■ **EXERCISE REQUIREMENTS**
Once you reach the line that holds "(2013) Tranché ondé: au" in the listing below, output it and every line after it through the line that holds "There is a fixed", word for word.

■ **RECORDS TO USE**
□ □ □
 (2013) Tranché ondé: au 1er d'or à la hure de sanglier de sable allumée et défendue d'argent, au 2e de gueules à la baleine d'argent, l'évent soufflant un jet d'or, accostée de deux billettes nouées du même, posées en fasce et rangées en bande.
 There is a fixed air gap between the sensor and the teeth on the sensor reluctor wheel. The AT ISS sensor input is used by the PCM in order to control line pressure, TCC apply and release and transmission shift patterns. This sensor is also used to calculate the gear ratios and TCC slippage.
□ □ □
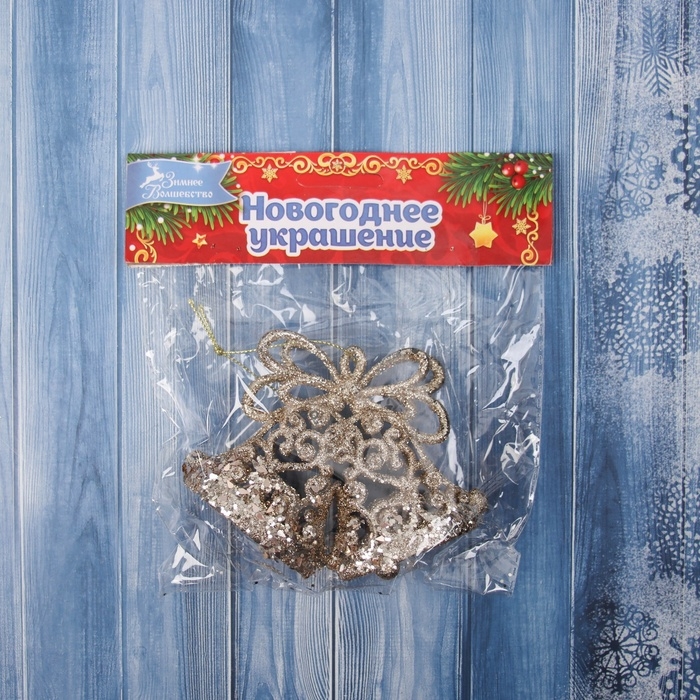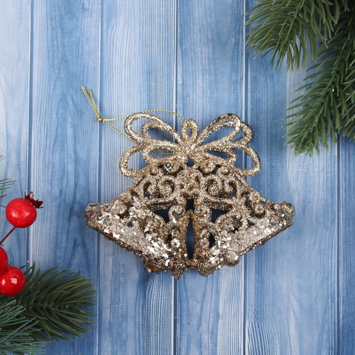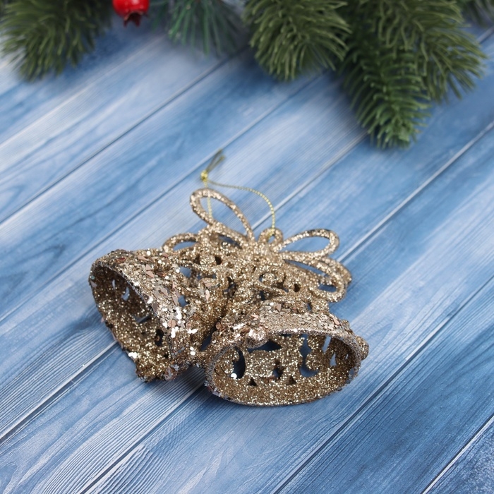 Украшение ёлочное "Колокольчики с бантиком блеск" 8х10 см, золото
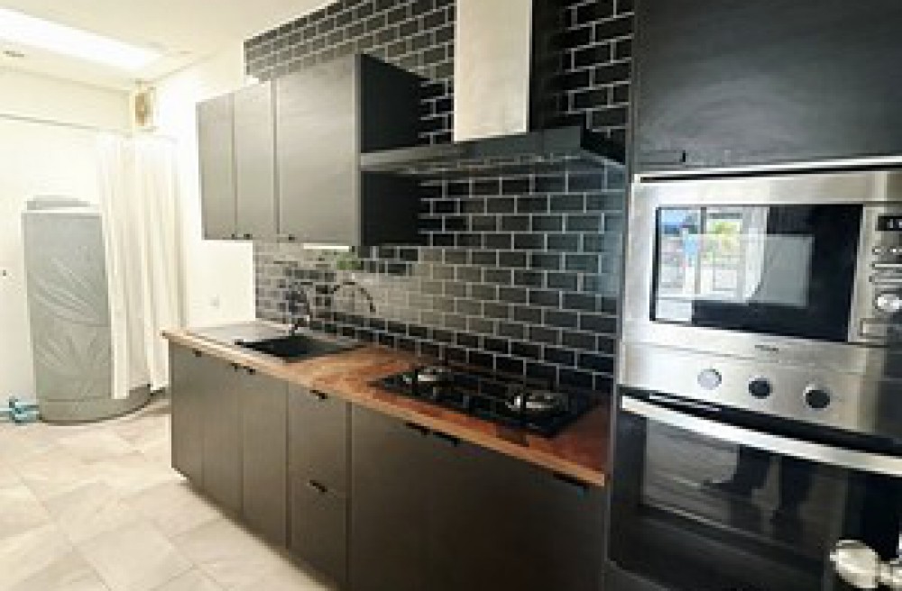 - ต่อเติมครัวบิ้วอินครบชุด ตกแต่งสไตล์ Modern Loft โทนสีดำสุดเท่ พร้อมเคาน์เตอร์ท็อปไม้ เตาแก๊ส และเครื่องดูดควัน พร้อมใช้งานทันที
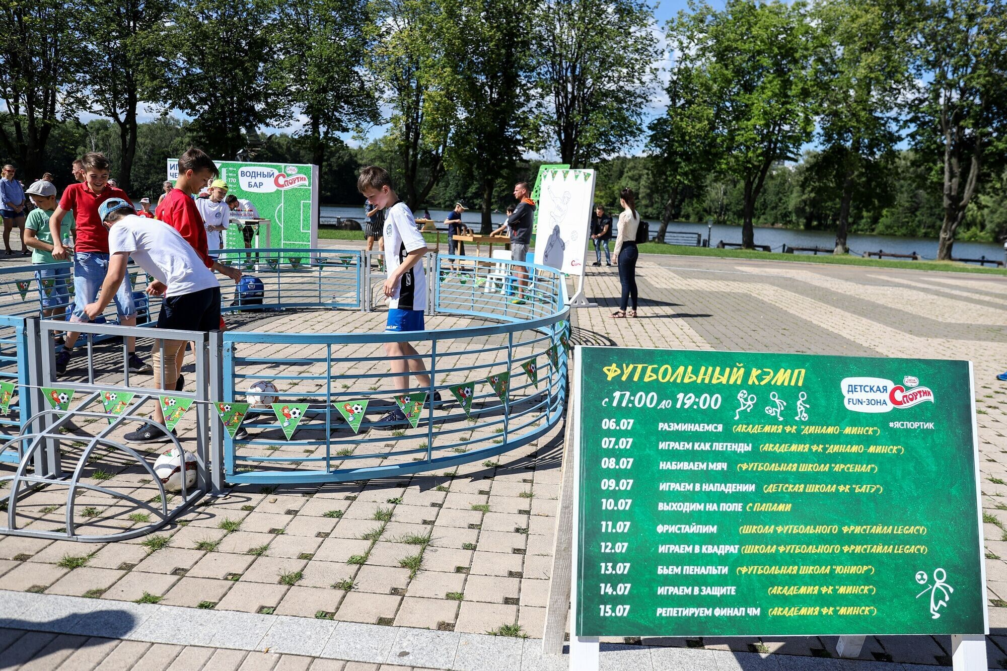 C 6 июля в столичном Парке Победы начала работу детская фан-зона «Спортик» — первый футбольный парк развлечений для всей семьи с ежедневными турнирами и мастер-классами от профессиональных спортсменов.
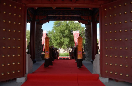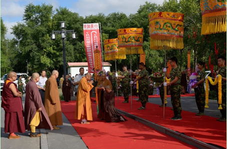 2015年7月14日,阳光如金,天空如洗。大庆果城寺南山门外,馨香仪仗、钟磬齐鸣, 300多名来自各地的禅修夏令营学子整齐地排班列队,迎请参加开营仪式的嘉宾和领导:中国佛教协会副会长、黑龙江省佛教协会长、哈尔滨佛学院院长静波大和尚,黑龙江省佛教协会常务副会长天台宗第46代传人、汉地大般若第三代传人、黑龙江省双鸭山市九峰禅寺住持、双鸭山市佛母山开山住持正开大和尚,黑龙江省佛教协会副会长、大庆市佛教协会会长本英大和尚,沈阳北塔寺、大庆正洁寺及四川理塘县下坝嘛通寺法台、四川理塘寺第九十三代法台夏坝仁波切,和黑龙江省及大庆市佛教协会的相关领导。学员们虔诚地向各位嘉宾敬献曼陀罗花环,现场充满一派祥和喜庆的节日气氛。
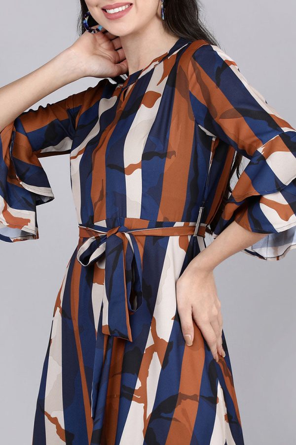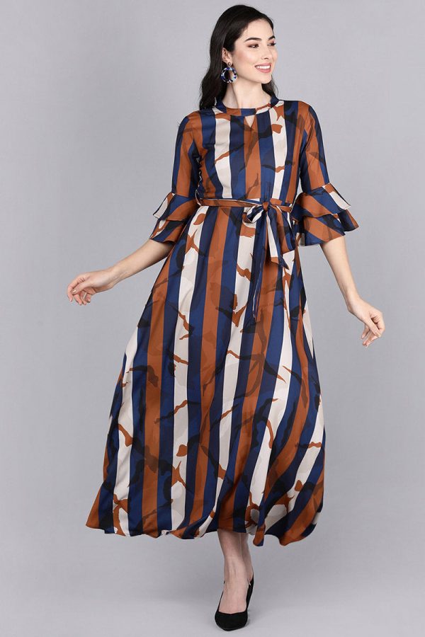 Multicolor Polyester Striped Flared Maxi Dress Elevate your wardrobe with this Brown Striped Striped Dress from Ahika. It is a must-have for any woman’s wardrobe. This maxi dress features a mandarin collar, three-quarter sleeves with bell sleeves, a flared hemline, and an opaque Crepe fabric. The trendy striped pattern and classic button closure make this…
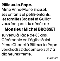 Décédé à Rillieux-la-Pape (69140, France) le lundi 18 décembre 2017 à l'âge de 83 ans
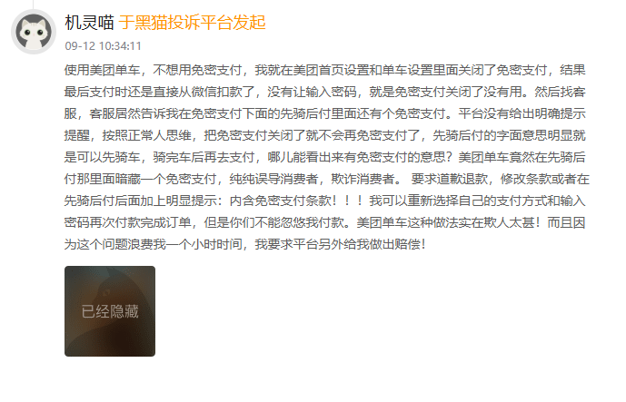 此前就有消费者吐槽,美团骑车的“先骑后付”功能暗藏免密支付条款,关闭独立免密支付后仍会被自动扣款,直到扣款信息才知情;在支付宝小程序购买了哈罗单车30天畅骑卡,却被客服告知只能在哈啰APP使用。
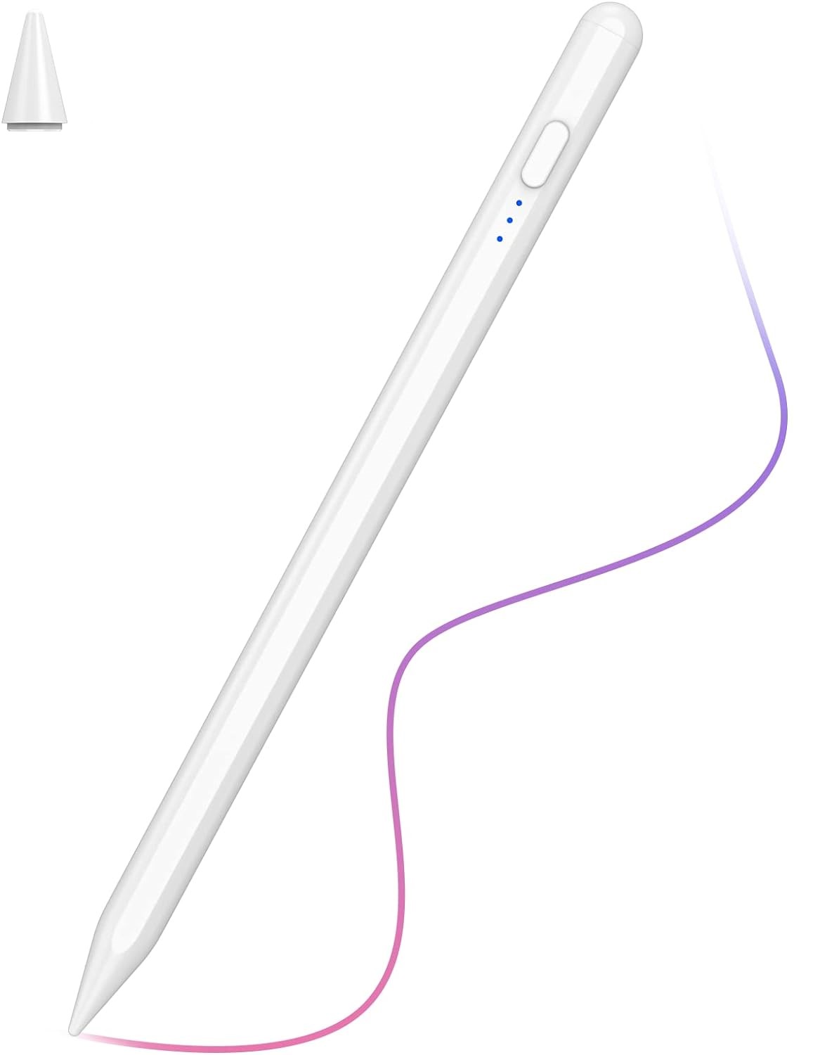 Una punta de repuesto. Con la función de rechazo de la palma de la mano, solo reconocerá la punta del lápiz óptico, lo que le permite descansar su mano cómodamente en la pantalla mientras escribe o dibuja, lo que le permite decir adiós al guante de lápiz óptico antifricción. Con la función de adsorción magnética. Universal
□ □ □
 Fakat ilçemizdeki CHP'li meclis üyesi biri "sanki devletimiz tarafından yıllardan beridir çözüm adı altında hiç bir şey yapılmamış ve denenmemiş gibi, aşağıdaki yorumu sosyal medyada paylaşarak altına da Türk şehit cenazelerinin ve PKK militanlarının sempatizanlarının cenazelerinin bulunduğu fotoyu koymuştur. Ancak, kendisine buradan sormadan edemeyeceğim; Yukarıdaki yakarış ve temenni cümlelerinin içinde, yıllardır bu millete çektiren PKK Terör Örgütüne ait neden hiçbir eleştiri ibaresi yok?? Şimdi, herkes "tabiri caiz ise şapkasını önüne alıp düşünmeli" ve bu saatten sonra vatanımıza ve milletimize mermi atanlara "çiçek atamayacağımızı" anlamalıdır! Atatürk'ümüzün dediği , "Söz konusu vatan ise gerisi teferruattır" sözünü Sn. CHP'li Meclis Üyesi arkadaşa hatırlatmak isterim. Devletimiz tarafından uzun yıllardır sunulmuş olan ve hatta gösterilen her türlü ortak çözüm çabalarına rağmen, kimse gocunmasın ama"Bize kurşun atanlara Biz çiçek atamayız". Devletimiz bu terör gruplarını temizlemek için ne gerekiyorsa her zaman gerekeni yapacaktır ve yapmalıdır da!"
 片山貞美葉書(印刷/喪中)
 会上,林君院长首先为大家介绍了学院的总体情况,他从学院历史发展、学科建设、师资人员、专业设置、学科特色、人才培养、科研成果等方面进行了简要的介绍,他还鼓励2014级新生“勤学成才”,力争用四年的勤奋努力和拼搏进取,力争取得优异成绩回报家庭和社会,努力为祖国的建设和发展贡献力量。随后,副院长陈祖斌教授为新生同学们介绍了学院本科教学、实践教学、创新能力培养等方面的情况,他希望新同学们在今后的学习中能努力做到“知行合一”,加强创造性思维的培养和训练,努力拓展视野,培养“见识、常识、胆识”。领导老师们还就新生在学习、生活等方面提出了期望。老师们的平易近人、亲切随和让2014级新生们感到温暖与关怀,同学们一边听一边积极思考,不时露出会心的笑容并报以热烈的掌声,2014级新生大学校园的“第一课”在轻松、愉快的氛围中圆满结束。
□ □ □
■ **TASK SOLUTION**
 (2013) Tranché ondé: au 1er d'or à la hure de sanglier de sable allumée et défendue d'argent, au 2e de gueules à la baleine d'argent, l'évent soufflant un jet d'or, accostée de deux billettes nouées du même, posées en fasce et rangées en bande.
 There is a fixed air gap between the sensor and the teeth on the sensor reluctor wheel. The AT ISS sensor input is used by the PCM in order to control line pressure, TCC apply and release and transmission shift patterns. This sensor is also used to calculate the gear ratios and TCC slippage.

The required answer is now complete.